Tumour-Intrinsic Features Shape T-Cell Differentiation through Myeloma Disease Evolution

Background. Virtually every MM patient transitions through the asymptomatic precursor conditions MGUS and SMM prior to developing MM. This provides a window for intervention to prevent progression to frank malignancy, and also exciting opportunities to investigate mechanisms underlying such progression. In contrast to solid tumours, relatively little is known about how the immune system is shaped by, and in turn shapes, MM through progression from precursor conditions to frank malignancy.

Aim. To define the contribution of tumour features to T cell differentiation during disease evolution from precursor disease to MM.

Methods. We generated the “pre-myeloma atlas”, the largest single-cell RNA sequencing (scRNA-seq) dataset of precursor disease and MM to date. It encompassed >1,000,000 cells from 295 newly-generated and published scRNA-seq samples from MM (n=54 patients), precursor conditions (n=78), and non-cancer controls (n=102). We enhanced the atlas through including single-cell T cell receptor (TCR) sequencing (42% samples), bone marrow and peripheral blood sampling, and modelling clinical data including age and tumour burden. Malignant clones (tumour cells) were identified by clonal immunoglobulin expression and scored with pan-cancer transcriptional pathways. Viral-reactive TCRs were acquired from VDJdb and neoantigen-reactive TCRs predicted with NetMHCpan4.1 and TEINet.

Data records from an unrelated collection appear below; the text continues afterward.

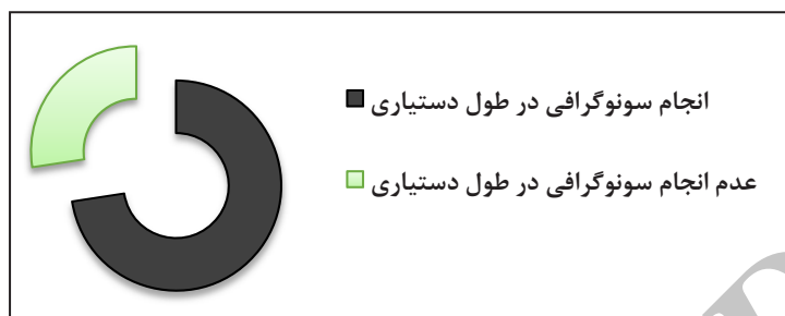
نمودار ۱- انجام سونوگرافی مستقل توسط دستیاران زنان

در پرسشنامه های ارسالی ۱۵۳ نفر از پاسخ دهنده ها در سال سوم دستیاری و ۱۵۷ نفر در سال چهارم دستیاری بوده اند. از مجموع ۳۱۰ پاسخ دهنده، ۲۲۵ نفر بیان داشتند که در طول دوره دستیاری به طور مستقل سونوگرافی انجام داده و ۸۵ نفر به این سوال پاسخ منفی داده اند. حدود ۷۵ درصد دستیاران پاسخ دهنده در طول دوره دستیاری انجام سونوگرافی به طور مستقل را داشته اند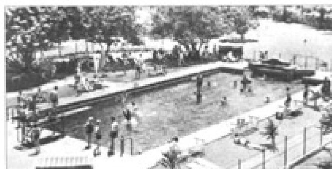
Piscina del Hotel del Prado.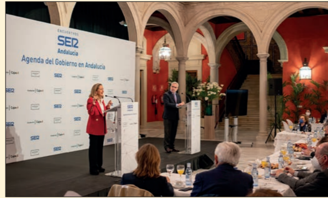
Ciclo 'Encuentros SER Agenda de Gobierno en Andalucía.' Fundación Cajazol Sevilla.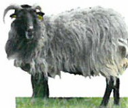
moutons Jaglu (Heidschnucke)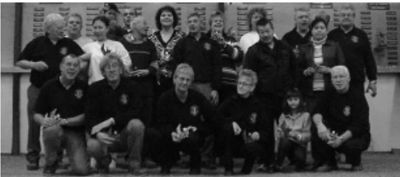
Winnaars dagprijzen Jan Voet Toernooi 9 januari 2005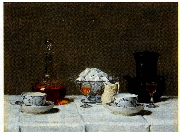
«Tee und Cognac». En sus bodegones, Albert Anker saluda a 200 años de distancia a su gran colega, Jean-Baptiste Siméon Chardin.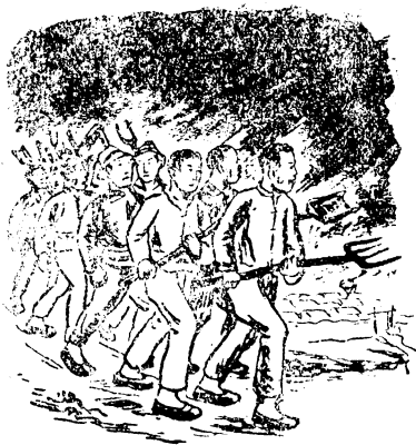
。姓百老的頭簍拿些了來

Results. Within the pre-myeloma atlas, we identified CD4+ and CD8+ T cell subsets across the spectrum of differentiation from naïve (SELL+CCR7+) to terminal memory (GZMB+) phenotypes. Notably, we identified exhausted T cells in only a single MM patient (1 of 54), suggesting T cell exhaustion is not a pervasive feature of MM. Comparing controls with precursor and symptomatic patients, we found T cell composition was comparable through disease evolution. However, the abundance of T cell subsets was altered: in MM, earlier differentiated subsets such as naïve CD8+ were depleted relative to controls (P<0.001) whereas terminal memory subsets were enriched (P<0.003). Principal component analysis of T cell composition captured this shift from early to terminal subsets, which we termed T cell skewing. T cell skewing rose with disease severity and was enhanced in SMM and MM independent of patient age (SMM P=0.004; MM P<0.001). Longitudinal sampling of precursor patients who subsequently progressed revealed T cell skewing occurs longitudinally at progression. Together, this suggests exaggerated T cell memory differentiation occurs in MM.

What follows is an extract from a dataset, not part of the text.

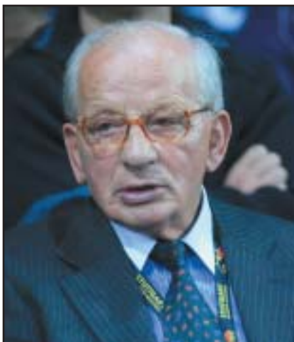
Ve stuttgartské Hans Schleyer Halle byl stále velmi vážený nestor německého jezdectví 86letý Hans Günter Winkler

TCR repertoire clonality (indicative of T cell proliferation in response to antigen) was higher in MM relative to controls (P=0.06) and corrected with T cell skewing (R=0.71, P<0.001). Additionally, the frequency of TCR clones possessing similar antigen-recognition domains (indicative of shared antigen-specificity) rose between SMM and MM (P<0.002) and correlated with T cell skewing (R=0.4, P=0.02). Importantly, in silico analyses of T cell specificity suggested (1) TCR clones annotated as viral-reactive were not associated with T cell skewing, and (2) TCR clones predicted to bind autologous tumour neoantigens occupied terminal memory states. Together, these results suggest antigen, possibly tumour in origin, drive T cell differentiation in MM.

Finally, to interrogate mechanisms of tumour-immune cross-talk, we compared T cell and tumour features. We observed a positive correlation between T cell skewing with paraprotein (R=0.43, P=0.04), that serves as a proxy for tumour burden. Additionally, effector T cells (IFNG+TNF+) were associated with tumour marrow infiltration (aspirate % CD138+; R=055, P<0.001). When analysing the transcriptional activity of tumour cells, we found effector T cells also correlated with cell death-associated pathways (R=0.66, P<0.001). We noted sharing of TCRs between these two T cell subsets, suggesting a differentiation process between these subsets possibly regulated by tumour-intrinsic processes and tumour burden.

Conclusion. Our results show that, unlike solid cancers, MM is not associated with T-cell exhaustion and instead defined by a pattern of T-cell differentiation resembling antigen-driven terminal memory differentiation. T cell associations with tumour burden and antigen could suggest anti-tumour immunity drives a novel form of cancer-associated T-cell differentiation in MM.